Work item: Working from the records below, return word for word the line that contains "This large abstract" and each line after it, ending with the last. Skip all pictures.

-- Material for the task follows --

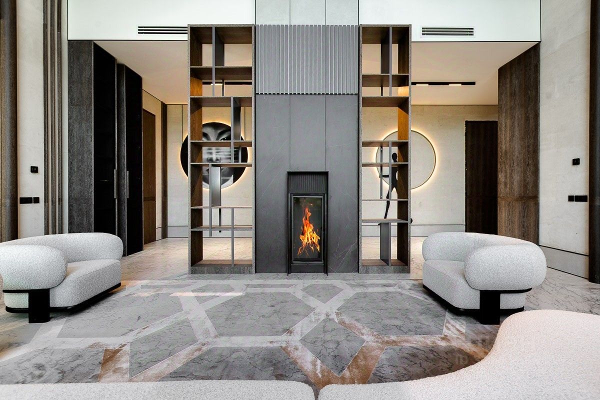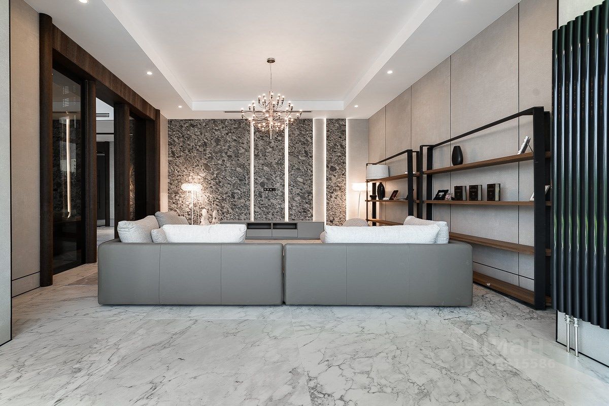Поэтажное описание: 1 этаж - прихожая, гостиная, кухня, столовая, каминный зал, спальня, с/у, бассейн, сауна, хамам, крытая терраса, гараж, 2 этаж - мастер-спальня с собственными с/у и гардеробной, спальня с с/у и гардеробной, спальня с с/у, кабинет, постирочная.
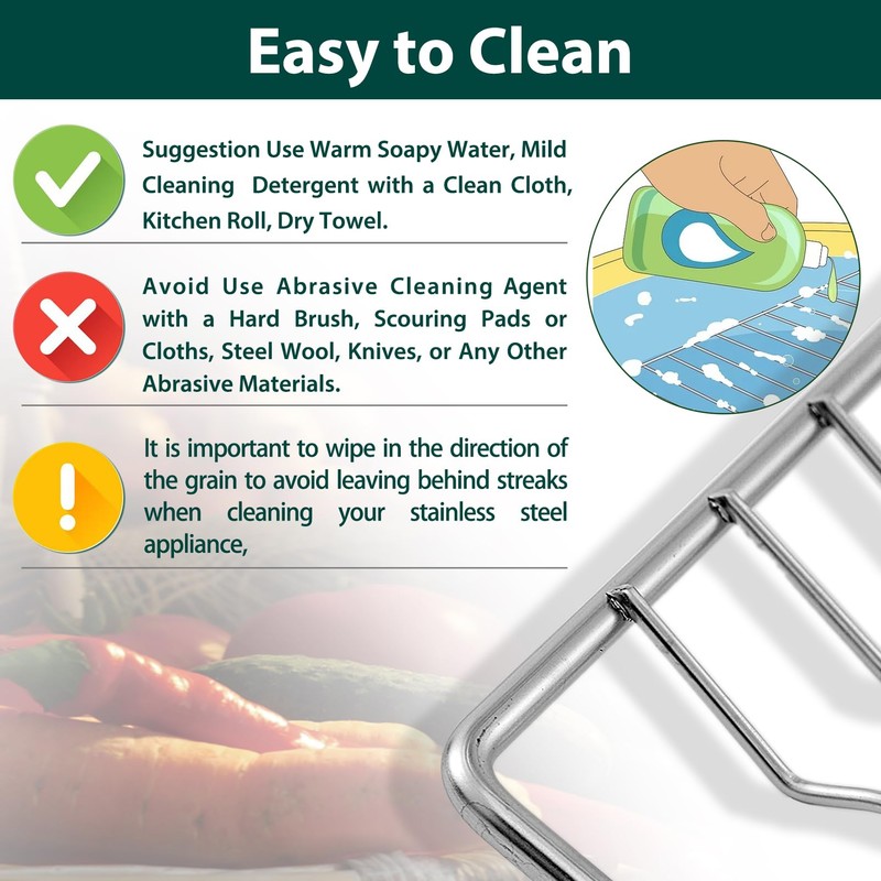 - Material of GE Roaster Oven Rack: The premium 304 stainless steel ge oven rack wb48t10095 construction is a standout feature, 304 stainless steel range oven not only stronger and more robust than others, but it also resists deformation and safeguards against rusting, ensuring the ge oven racks will last for years to come and provide a seamless cooking experience
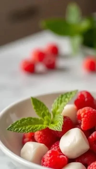 Дополнительная информация: Моцарелла – это не только вкусный, но и полезный продукт, богатый белком и кальцием. Малина содержит антиоксиданты и витамины, которые укрепляют иммунитет и улучшают общее состояние организма.
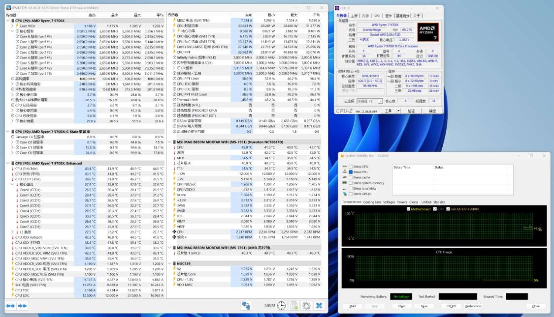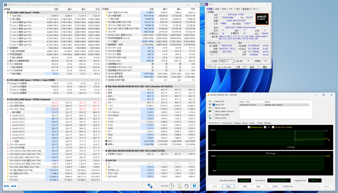 手动调整PBO设置后,CPU实时频率为4.7 GHz左右,CPU外壳温度为95°左右,CPU封装功耗为150W左右;
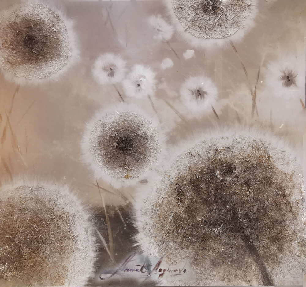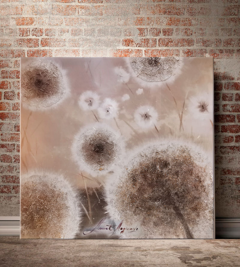 This large abstract painting features a play of textures: oil & acrylic paints, dried herbs. You can feel the rich textured surface with your fingertips. The painting in brown pastel colors depicts tender dandelions in the wind. This artwork would be a stylish and gorgeous decoration for modern interiors. It is also a wonderful gift for your family, your loved ones, friends, colleagues.
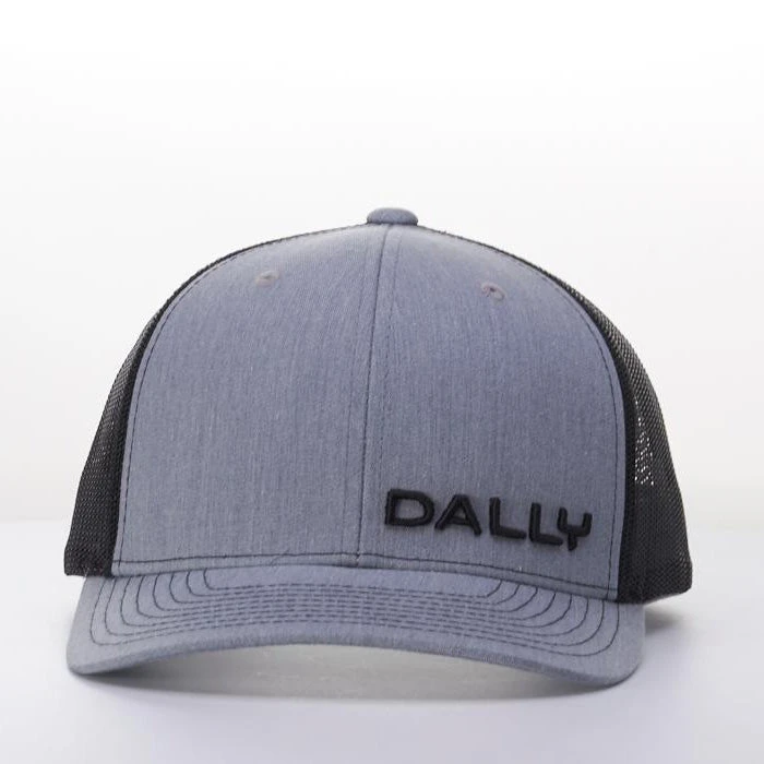 This cap from Dally Up has a grey front with black lettering that reads “DALLY” in the lower right hand corner. The back is black and made of mesh. Also has an adjustable snap closure in the back.
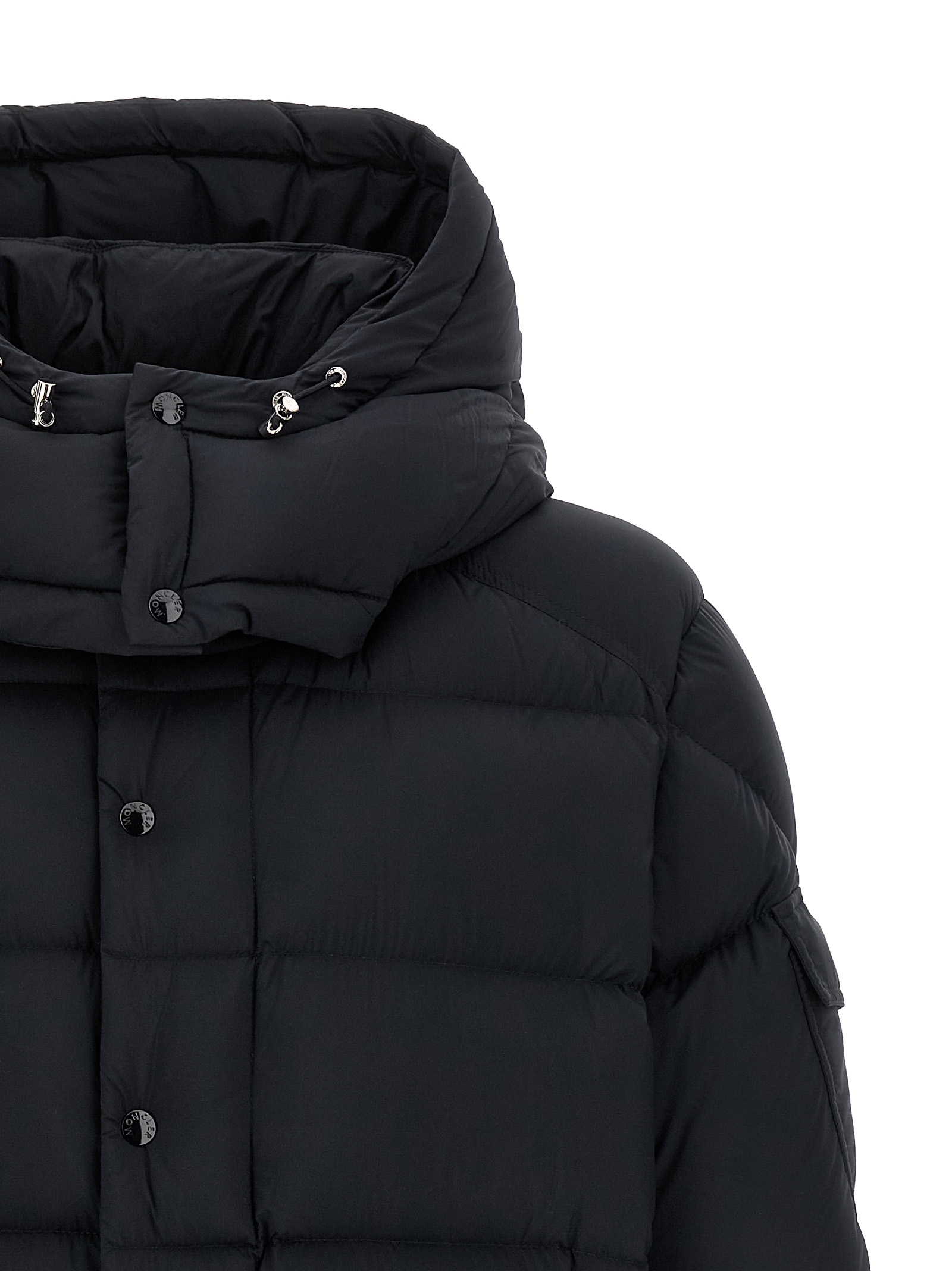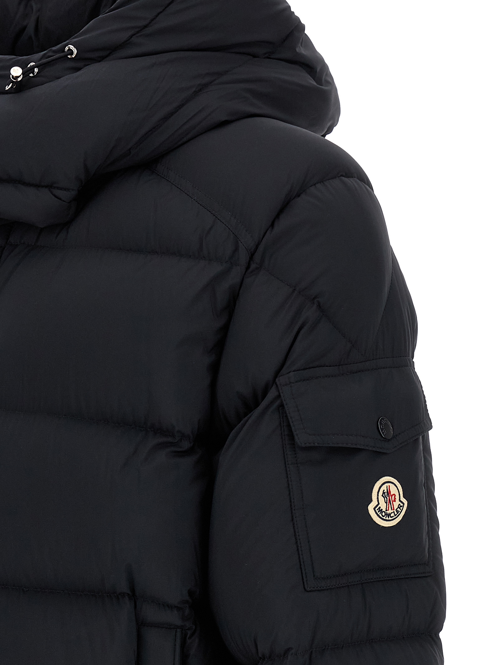 Quilted longue Moncler Maya 70′ down jacket in quilted saison longue with goose down padding, léger nylon lining, adjustable and removable hood, standing collar, front zip closure, pockets, long sleeves with elastic and adjustable cuffs, felt logo patch, drawstring at the hem.

-- Material for the task concluded --

Answer for this exercise:
 This large abstract painting features a play of textures: oil & acrylic paints, dried herbs. You can feel the rich textured surface with your fingertips. The painting in brown pastel colors depicts tender dandelions in the wind. This artwork would be a stylish and gorgeous decoration for modern interiors. It is also a wonderful gift for your family, your loved ones, friends, colleagues.
 This cap from Dally Up has a grey front with black lettering that reads “DALLY” in the lower right hand corner. The back is black and made of mesh. Also has an adjustable snap closure in the back.
 Quilted longue Moncler Maya 70′ down jacket in quilted saison longue with goose down padding, léger nylon lining, adjustable and removable hood, standing collar, front zip closure, pockets, long sleeves with elastic and adjustable cuffs, felt logo patch, drawstring at the hem.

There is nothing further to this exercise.